Exploring San Diego Crime Data using Python – Workshop

Posted by on Nov 7, 2017 in Meeting, New Data | 0 comments

Tonight at Downtown Works,  SCALE San Diego and Open San Diego are hosting a workshop on analyzing crime data with Python, Pandas and Matplotlib. Unlike past analysis we done at the Library on San Diego Crime, this analysis uses data from the San Diego Police, rather than the whole county data from ARJIS, so it is more focused, and more detailed. If you’d like to go, visit the signup page to register.

It is an interesting dataset because, while the location addresses are often missing, and it doesn’t have UCR crime codes, it does have detailed call types and is linked to SDP beats. The 2.5 years of data that are published have more than 1.1M records. The San Diego Open Data Portal also has shapefiles for the beats, districts and neighborhoods, so we can make maps.

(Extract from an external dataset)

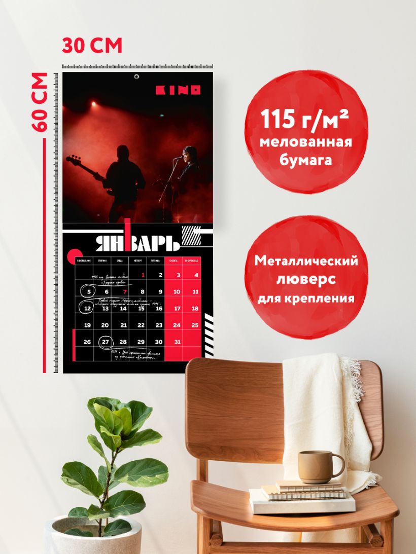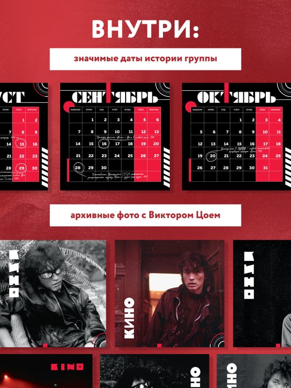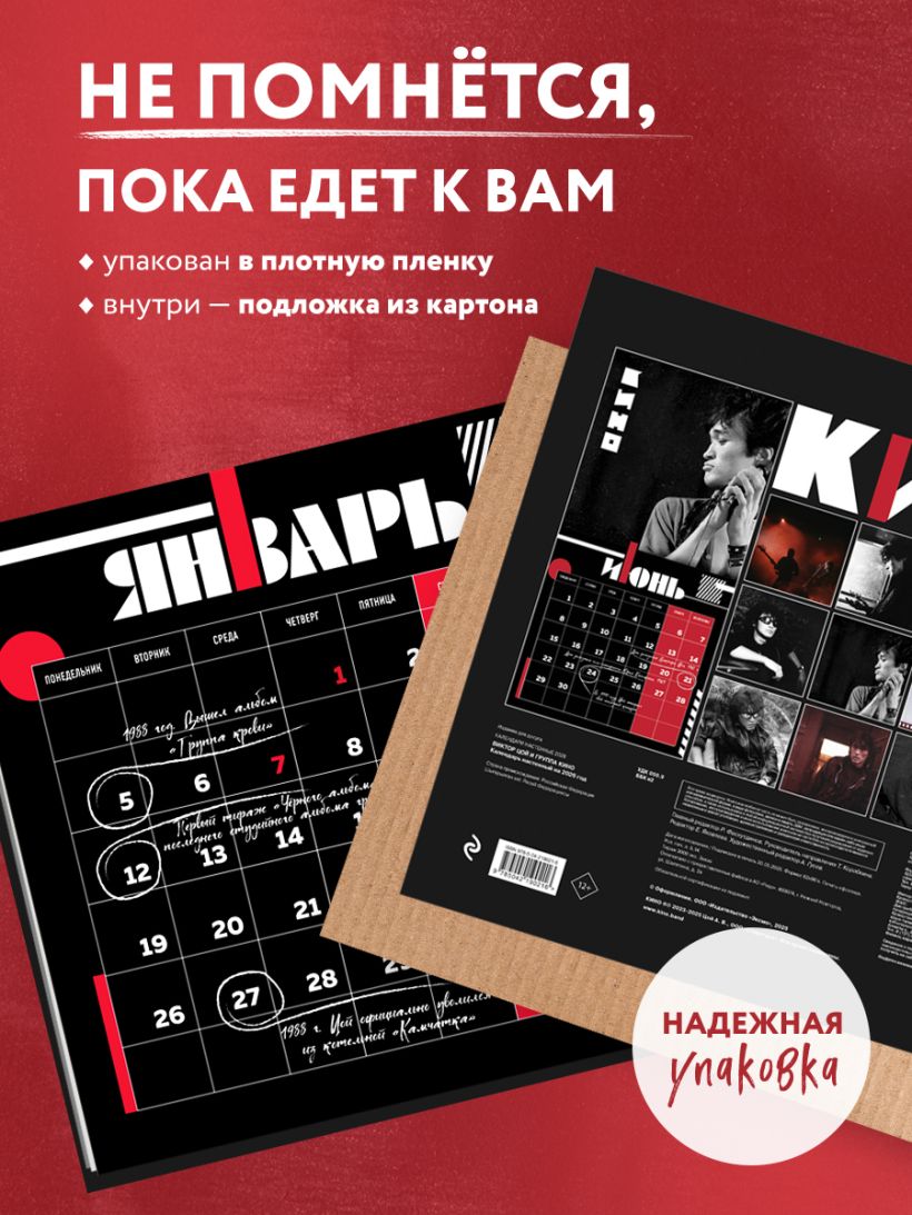Подарок для поклонников группы «Кино» и ценителей советской эстетики. Эксклюзивный тематический настенный календарь с редкими архивными кадрами Виктора Цоя. Отличное полиграфическое исполнение, удобная сетка, большой формат и стильный макет, в котором отмечены важные даты, связанные с историей рок-группы: дни рождения участников, даты выхода альбомов, ключевые концерты и даже день, когда в СССР было запрещено распространение ее музыки…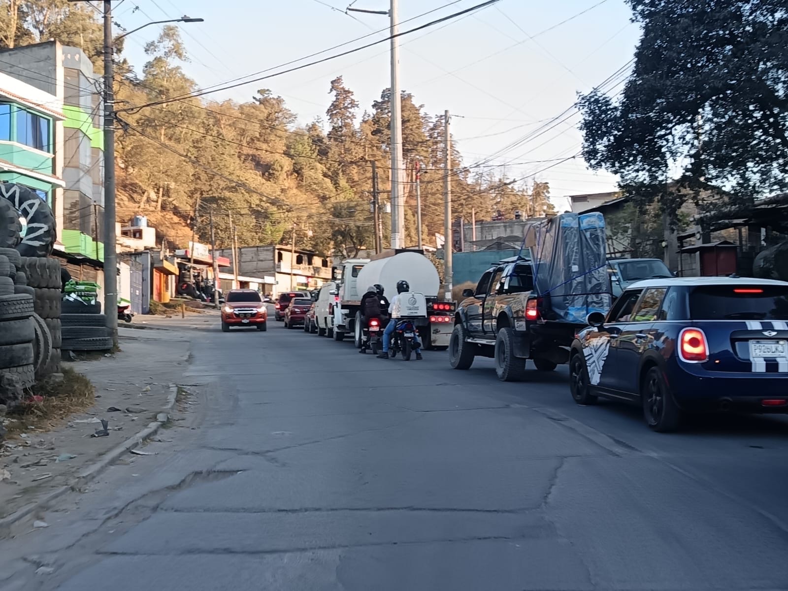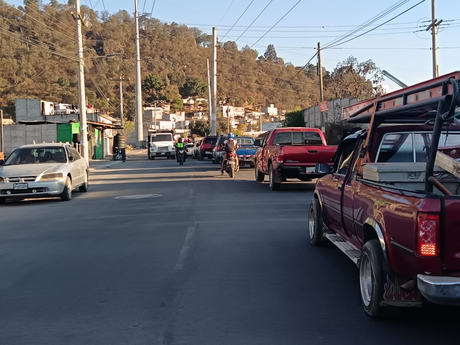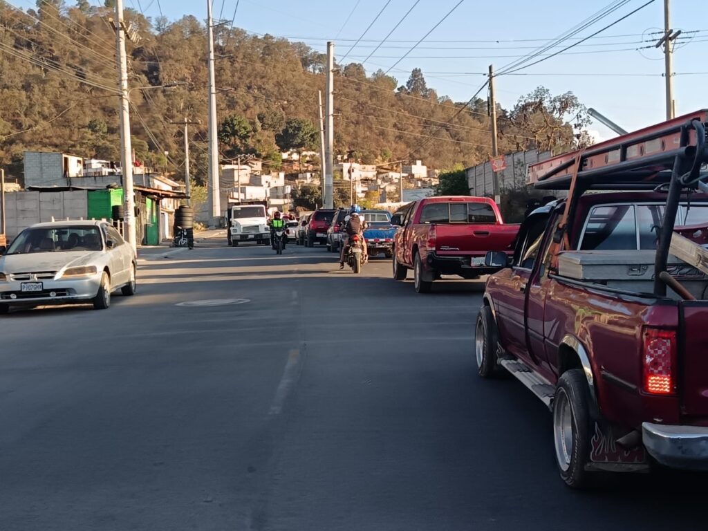 Durante las horas pico, el congestionamiento se intensifica, por lo que se recomienda a los conductores tomar precauciones o considerar rutas alternas si transitan hacia el valle de Palajunoj.

For instance, here is a choropleth that is colored according to the counts of calls for “LOUD PARTY” by beat. It should surprise no one where the hotspot is:

The dataset also has very nicely formated date/times so Pandas has an easy time extracting time parts, allowing us to build Rhythm Maps. This heat map displays the count of LOUD PARTY incidents, over the whole dataset, organized by hour and month”

You can clearly see two significant patterns: Loud Party calls are, as expected, primarily made in the late night and early morning, and the calls are more frequent in the summer than in the winter.

There are certainly a lot of other interesting patterns to find in this dataset, and if you are interesting in finding them, I hope to see you at tonight’s meeting.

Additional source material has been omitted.